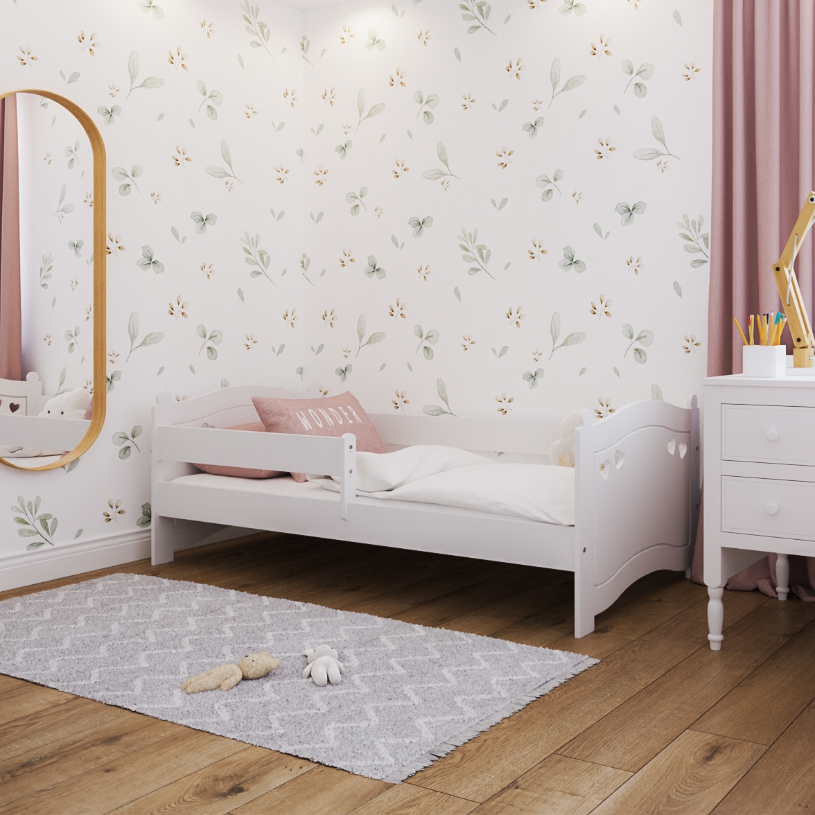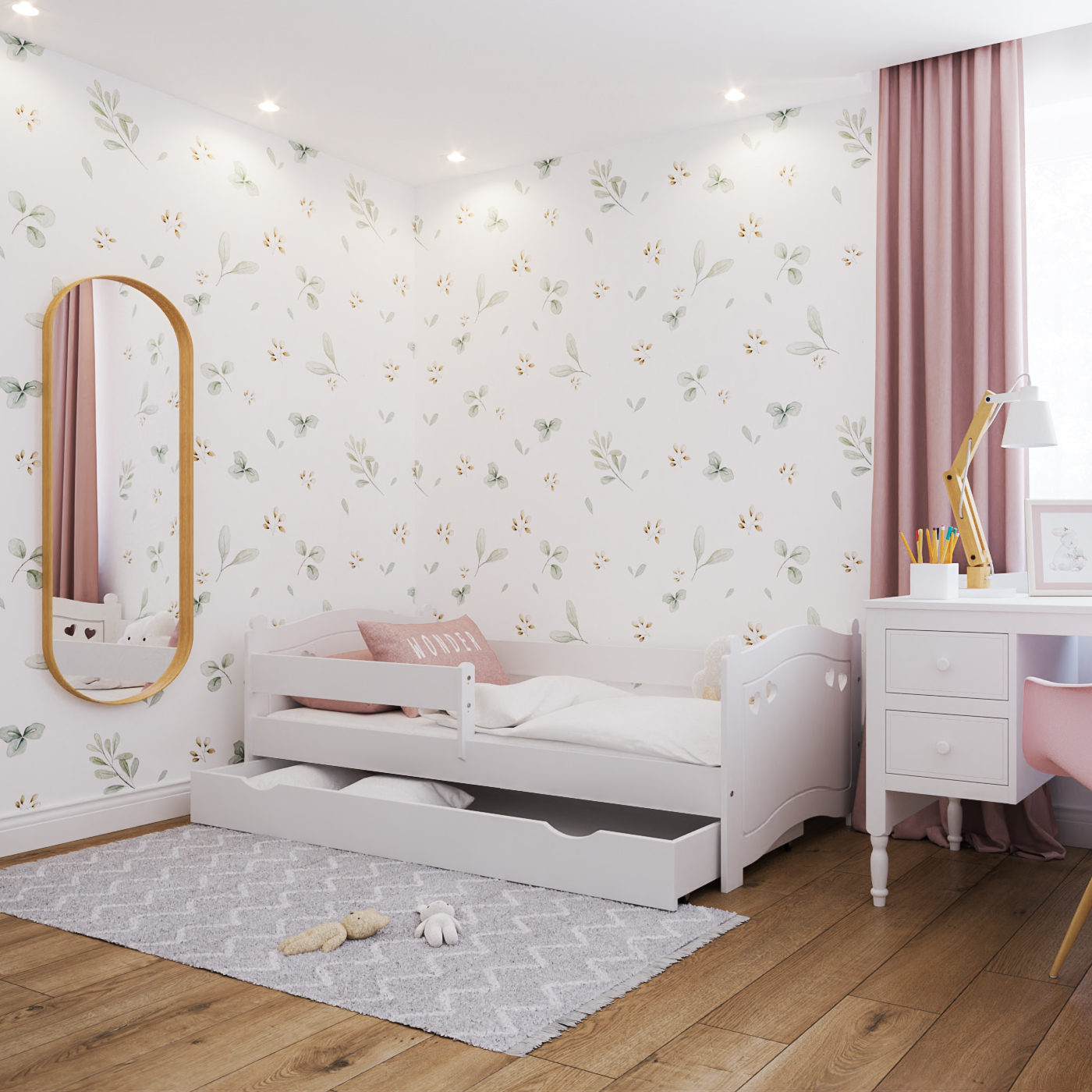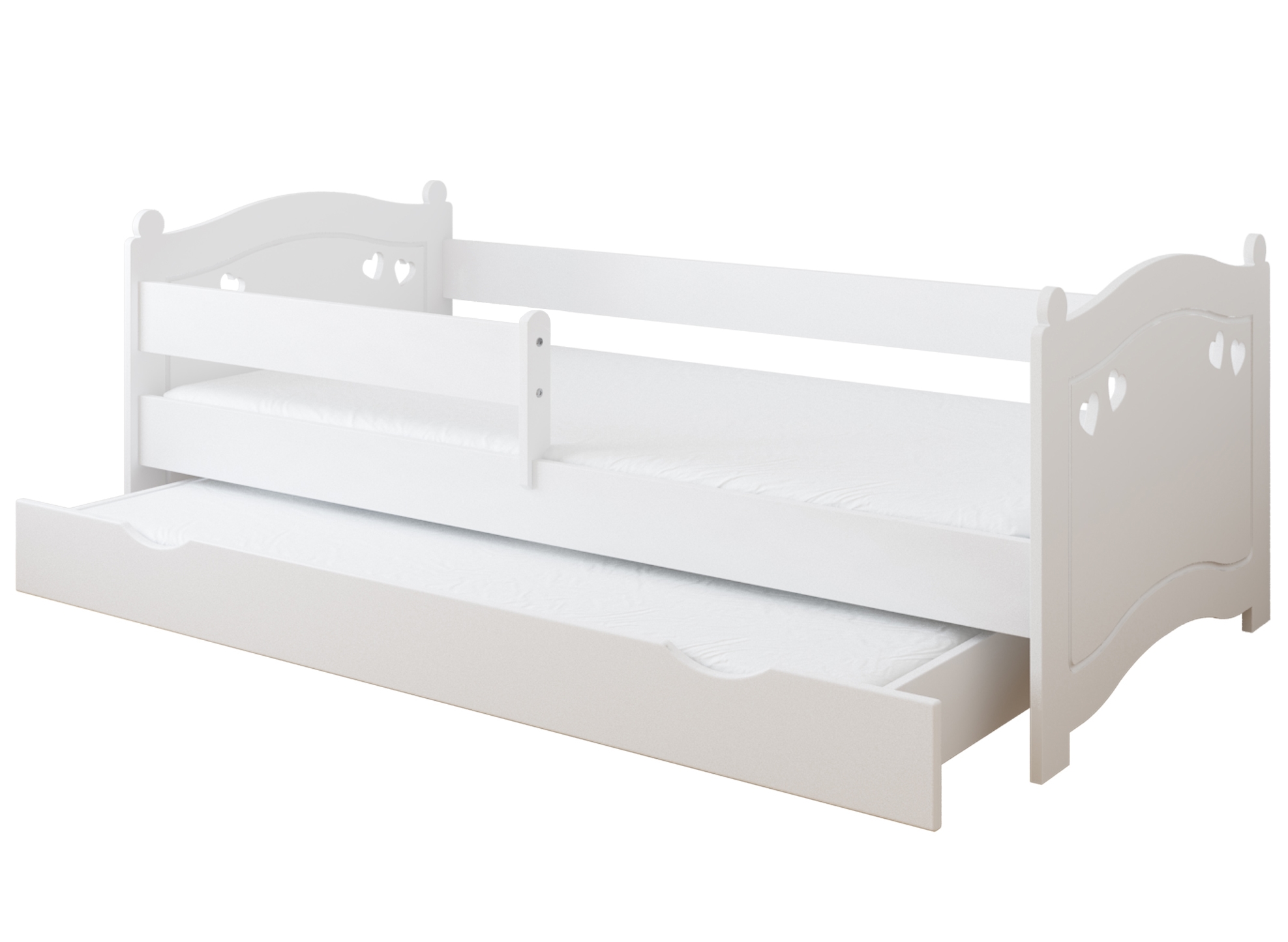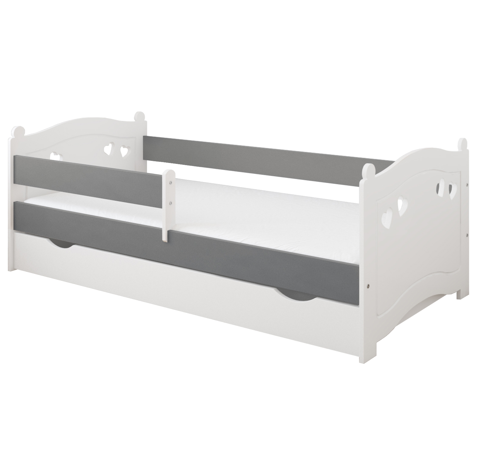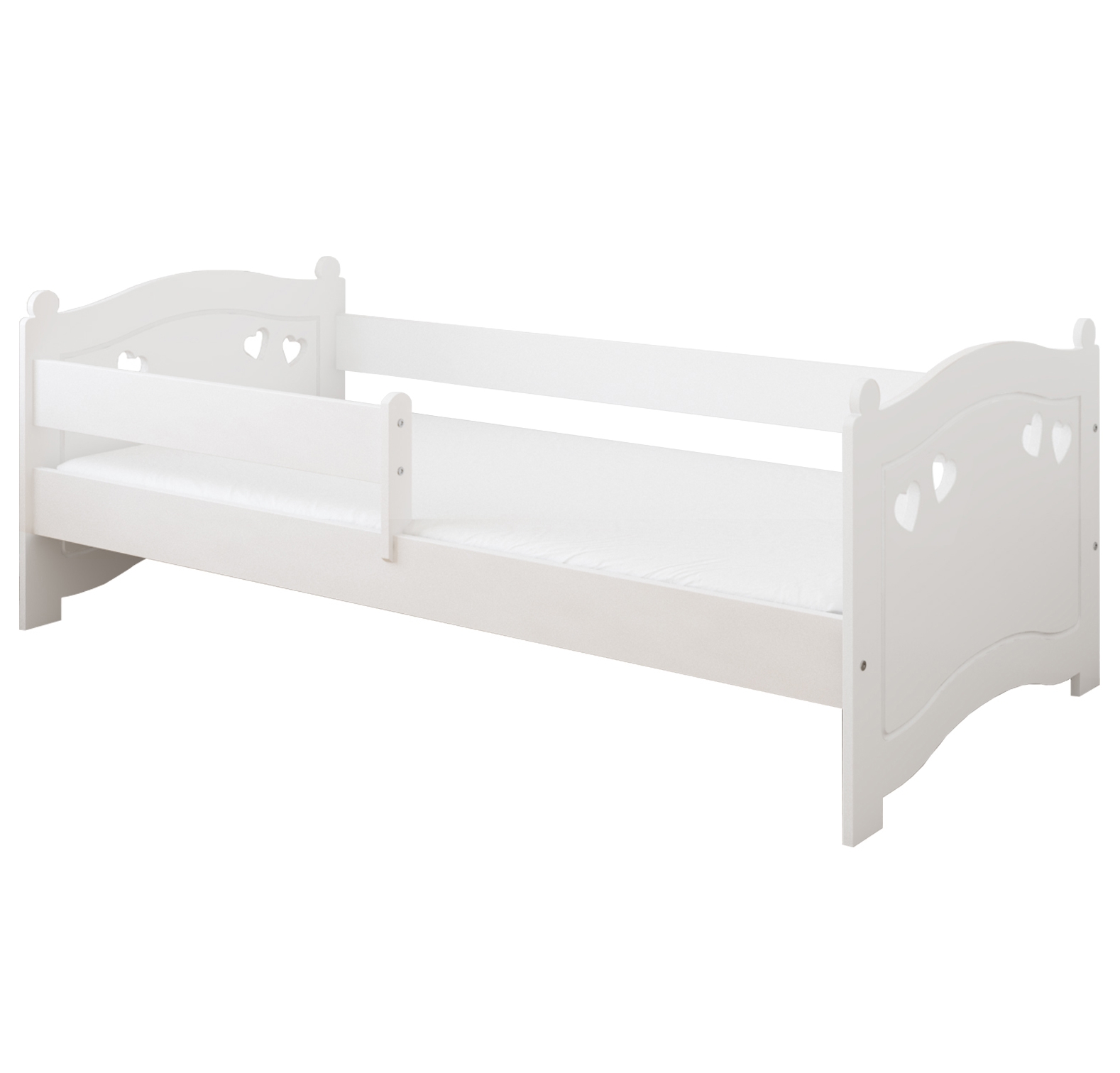 Drewniane łóżko dziecięce Sweet Love z barierką to bezpieczne i wygodne łóżko stworzone z myślą o najmłodszych. Urocze wycięcia w kształcie serduszek nadają mu wyjątkowego charakteru, dzięki czemu idealnie pasuje do pokoju dziewczynki. Niska konstrukcja ułatwia dziecku samodzielne wchodzenie do łóżka, a boczne barierki chronią przed wypadnięciem podczas snu. W zestawie znajduje się miękki materac piankowy oraz praktyczna szuflada na pościel lub zabawki. Solidna konstrukcja zapewnia stabilność i wytrzymałość do 100 kg, dzięki czemu łóżko posłuży dziecku przez długi czas.
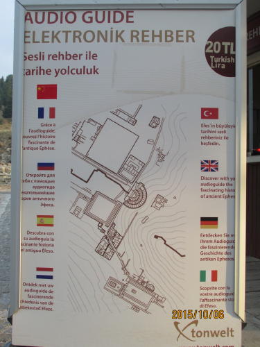 1、入口 2、水の宮殿 3、国営アゴラ 4、ヴァリウスハマム(公衆浴場)5、バシリカ 6、小劇場(オデオン)7、プリタネイオン (コンサートのビル) 8、ドミティアン神殿、9、メムミィウス記念碑、10、ヘラクレスの門、11、クレットレル通り、12、トライアン チェシメ(給水場)、13、急斜面の邸宅群、14、ハドリアヌス神殿、15、スコラスティカ ハマム(公衆浴場)、16、公衆トイレ、17、娼館、18、マゼウスーミフリダテス門、19、セルスス図書館、20、大理石通り、21、商業アゴラ、22、大劇場、23、劇場ギムナシウム、24、港通り、25、港ハマム、(公衆浴場)、26、聖母マリア教会、27、スタジアム通り、28、スタジアム、29、出入り口。皆様は先に入り口で購入し、ガイドブック片手に見て廻る事をお勧めいたします。
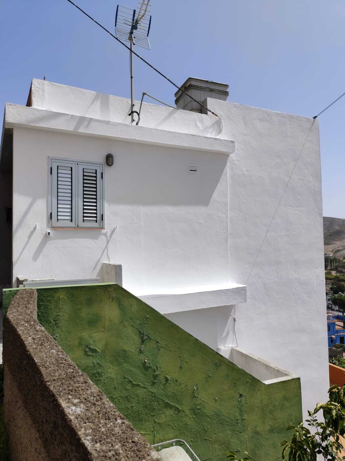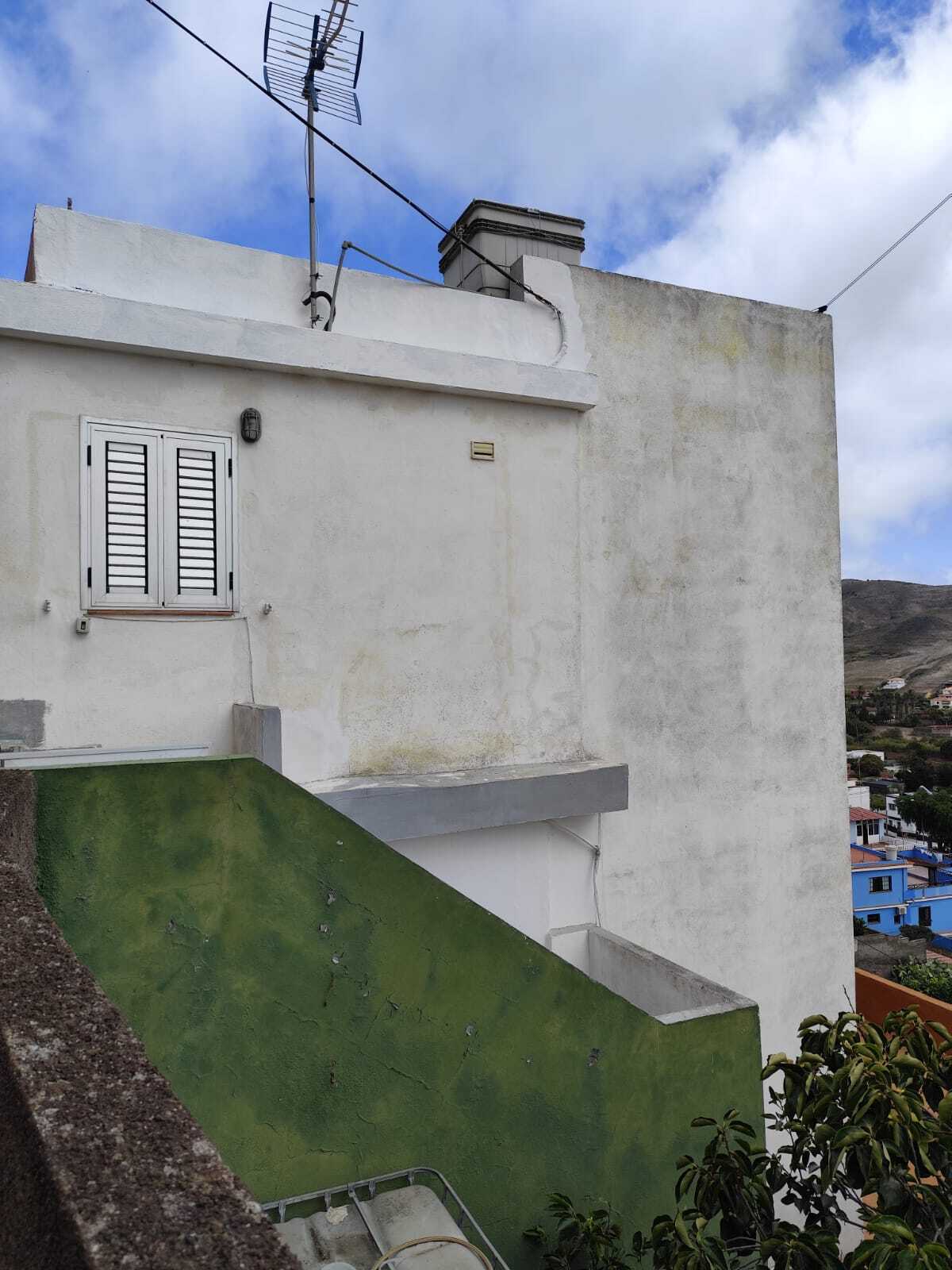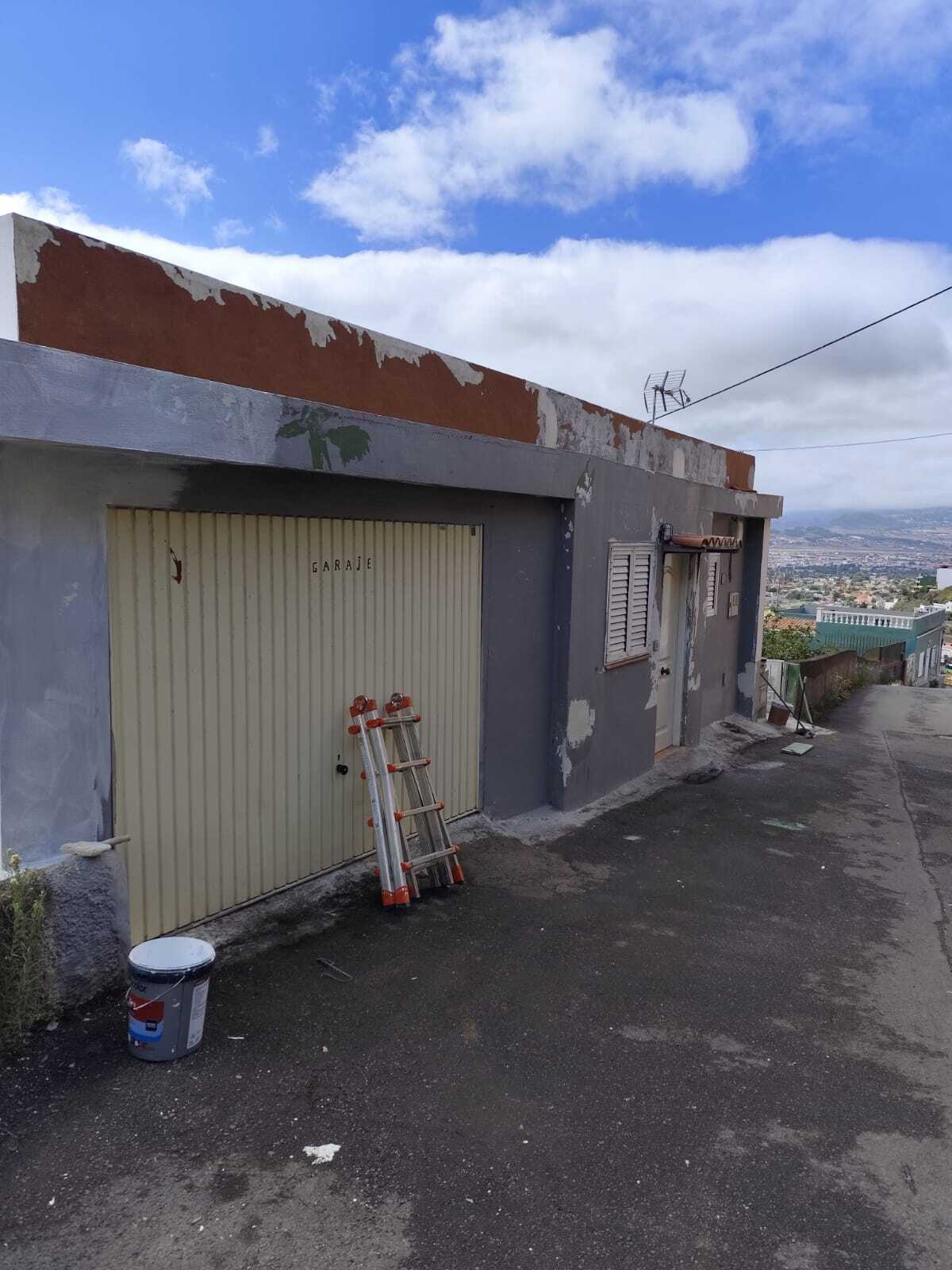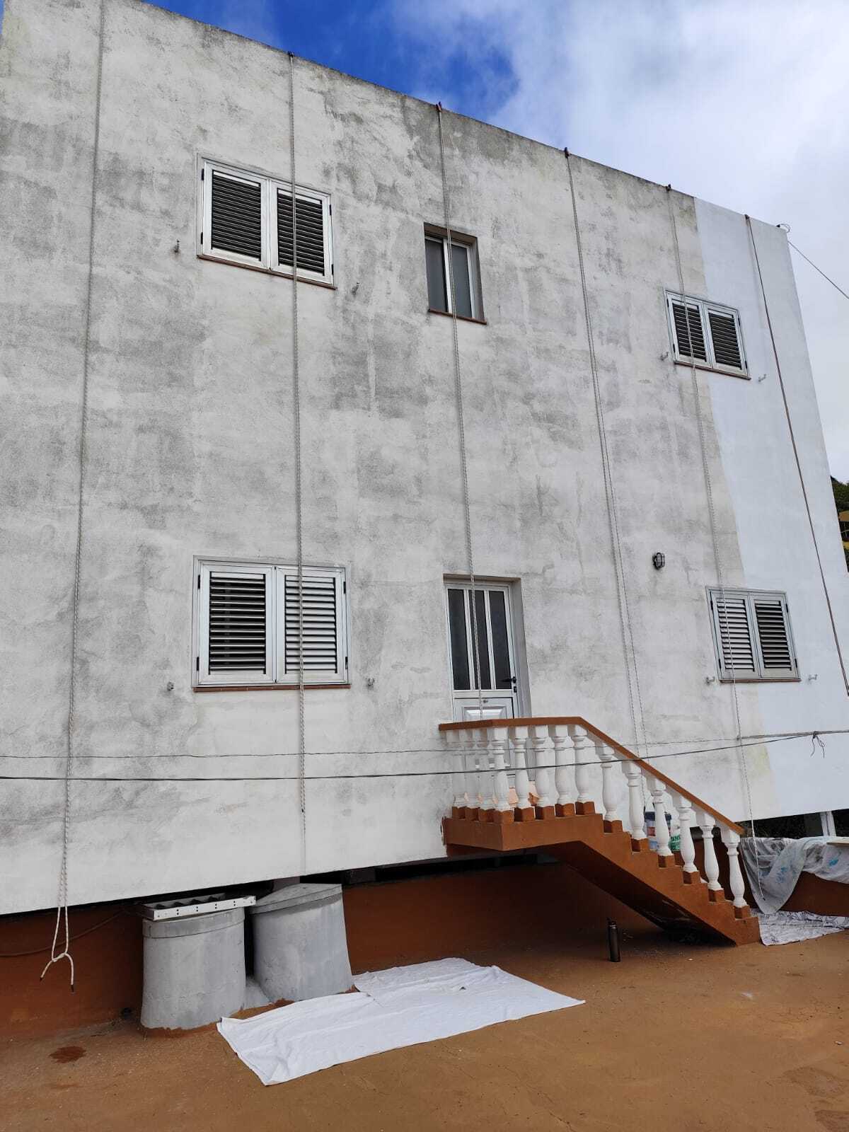 Rehabilitación de fachada deteriorada con el paso del tiempo y inclemencias del tiempo. Se retira todo el moho con hydrolimpiadora y nos ayudamos de Dique Antimoho. Se aplica masilla de fibra en grietas y desperfectos y se imprima con Hydroprimer y tres manos de Proexil.

## [TASK PROMPT]
Print every line of the listing exactly, please, and leave the images out.

## [WRITTEN SOLUTION]
 Drewniane łóżko dziecięce Sweet Love z barierką to bezpieczne i wygodne łóżko stworzone z myślą o najmłodszych. Urocze wycięcia w kształcie serduszek nadają mu wyjątkowego charakteru, dzięki czemu idealnie pasuje do pokoju dziewczynki. Niska konstrukcja ułatwia dziecku samodzielne wchodzenie do łóżka, a boczne barierki chronią przed wypadnięciem podczas snu. W zestawie znajduje się miękki materac piankowy oraz praktyczna szuflada na pościel lub zabawki. Solidna konstrukcja zapewnia stabilność i wytrzymałość do 100 kg, dzięki czemu łóżko posłuży dziecku przez długi czas.
 1、入口 2、水の宮殿 3、国営アゴラ 4、ヴァリウスハマム(公衆浴場)5、バシリカ 6、小劇場(オデオン)7、プリタネイオン (コンサートのビル) 8、ドミティアン神殿、9、メムミィウス記念碑、10、ヘラクレスの門、11、クレットレル通り、12、トライアン チェシメ(給水場)、13、急斜面の邸宅群、14、ハドリアヌス神殿、15、スコラスティカ ハマム(公衆浴場)、16、公衆トイレ、17、娼館、18、マゼウスーミフリダテス門、19、セルスス図書館、20、大理石通り、21、商業アゴラ、22、大劇場、23、劇場ギムナシウム、24、港通り、25、港ハマム、(公衆浴場)、26、聖母マリア教会、27、スタジアム通り、28、スタジアム、29、出入り口。皆様は先に入り口で購入し、ガイドブック片手に見て廻る事をお勧めいたします。
 Rehabilitación de fachada deteriorada con el paso del tiempo y inclemencias del tiempo. Se retira todo el moho con hydrolimpiadora y nos ayudamos de Dique Antimoho. Se aplica masilla de fibra en grietas y desperfectos y se imprima con Hydroprimer y tres manos de Proexil.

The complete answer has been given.